In Demo1: We use the stream() method to get a stream from the list. We filter the even elements and collect them into a new list using the collect() method.

In Demo2: We use the collect() method summingInt(ToIntFunction) as an argument. The summingInt() method returns a collector that sums the integer values extracted from the stream elements by applying an int producing mapping function to each element.

In Demo 3: We use the collect() method with maxBy(Comparator) as an argument. The maxBy() accepts a Comparator and returns a collector that extracts the maximum element from the stream according to the given Comparator.

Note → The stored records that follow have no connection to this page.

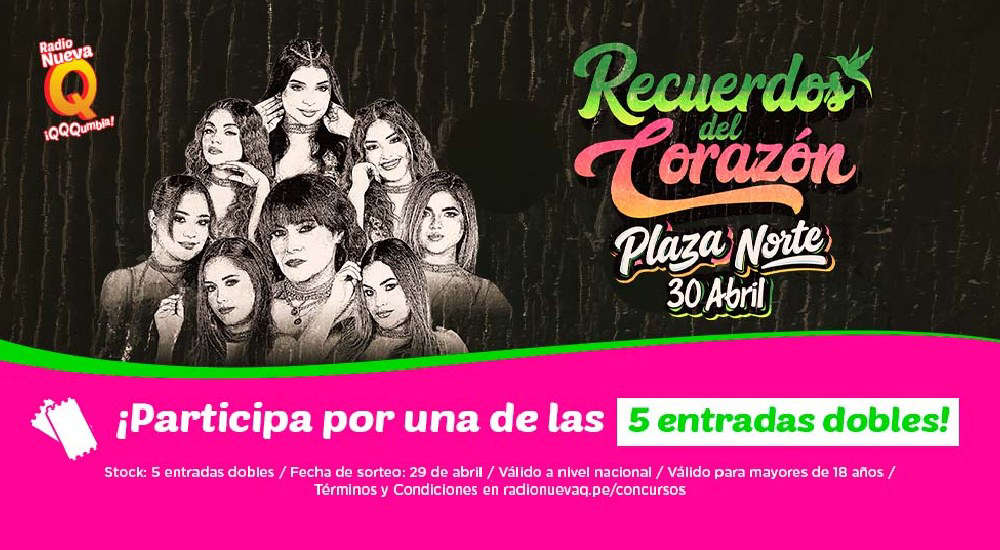 Cinco (5) entradas dobles para el concierto Recuerdos del Corazón a realizarse el 30 de abril del 2026 en Explanada Plaza Norte, independencia, desde las 08:00 p.m. (en adelante, el Evento). A razón de una entrada doble por ganador. Importante: - Radio Nueva Q no asumirá ningún gasto (sea por transporte, alojamiento, etc.) para el recojo ni disfrute del premio. - Los premios no son canjeables, reembolsables ni transferibles. - La producción y organización del Evento se encuentra a cargo en forma exclusiva y excluyente de G&N MUSIC S.A.C, con RUC Nº 20611018925. - Las entradas (premios) se rigen por los términos y condiciones de las mismas establecidas por el productor y organizador del Evento.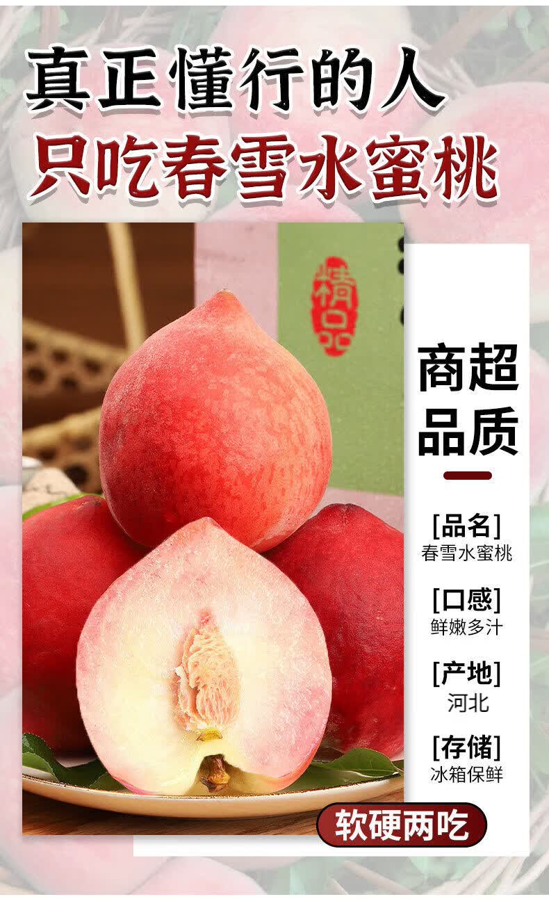 三萌果蔬 春雪水蜜桃【JD顺丰-多地次日达】河北当季脆桃新鲜桃子水果礼盒 A+级【单果150-200g】精品果 净重3斤装【多人复购-超划算】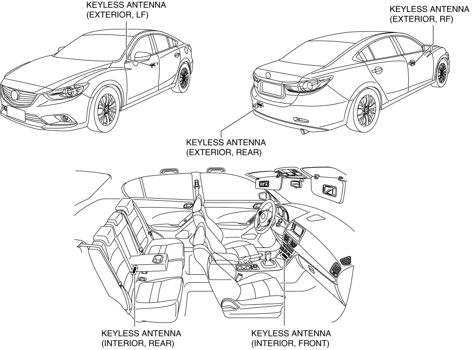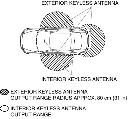 The keyless antennas for the vehicle exterior (driver-side, passenger-side, rear) form the request signal output area in the range of an approx. 80 cm {31 in} radius from each location and communicate with the advanced key.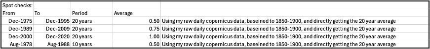 I have a spreadsheet, which gives the daily anomalies, so I just did some spot checks in excel to check the numbers are the same as that created by my python program.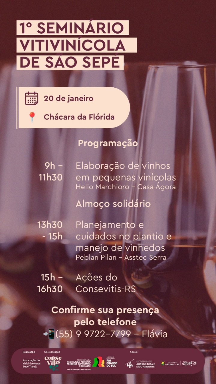 São Sepé sediará, na próxima terça-feira, dia 20 de janeiro, o 1º Seminário Vitivinícola de São Sepé, evento que marca um importante passo para a organização, qualificação técnica e fortalecimento da cadeia da uva e do vinho no município e na região. A programação ocorre na Chácara da Florida e reúne produtores, técnicos, estudantes e interessados no setor vitivinícola, com palestras voltadas tanto à produção de vinhos quanto ao manejo de vinhedos, além da apresentação de ações institucionais de apoio ao segmento. As confirmações de presença devem ser feitas pelo telefone (55) 99722-7799, com Flávia.

Lets learn more about Collectors.

Collectors and Stream.Collect()

Collectors represent implementations of the Collector interface, which implements various useful reduction operations, such as accumulating elements into collections, summarizing elements based on a specific parameter, etc.

All predefined implementations can be found within the Collectors class.

Within the Collectors class itself, we find an abundance of unique methods that deliver on the different needs of a user. One such group is made of summing methods - summingInt(), summingDouble() and summingLong().

Let's start off with a basic example with a List of Integers:

List<Integer> numbers = Arrays.asList(1, 2, 3, 4, 5);
Integer sum = numbers.stream().collect(Collectors.summingInt(Integer::intValue));
System.out.println("Sum: " + sum);

We apply the .stream() method to create a stream of Integer instances, after which we use the previously discussed .collect() method to collect the elements using summingInt(). The method itself, again, accepts the ToIntFunction, which can be used to reduce instances to an integer that can be summed.

Since we're using Integers already, we can simply pass in a method reference denoting their intValue, as no further reduction is needed.

More often than not - you'll be working with lists of custom objects and would like to sum some of their fields. For instance, we can sum the quantities of each product in the productList, denoting the total inventory we have.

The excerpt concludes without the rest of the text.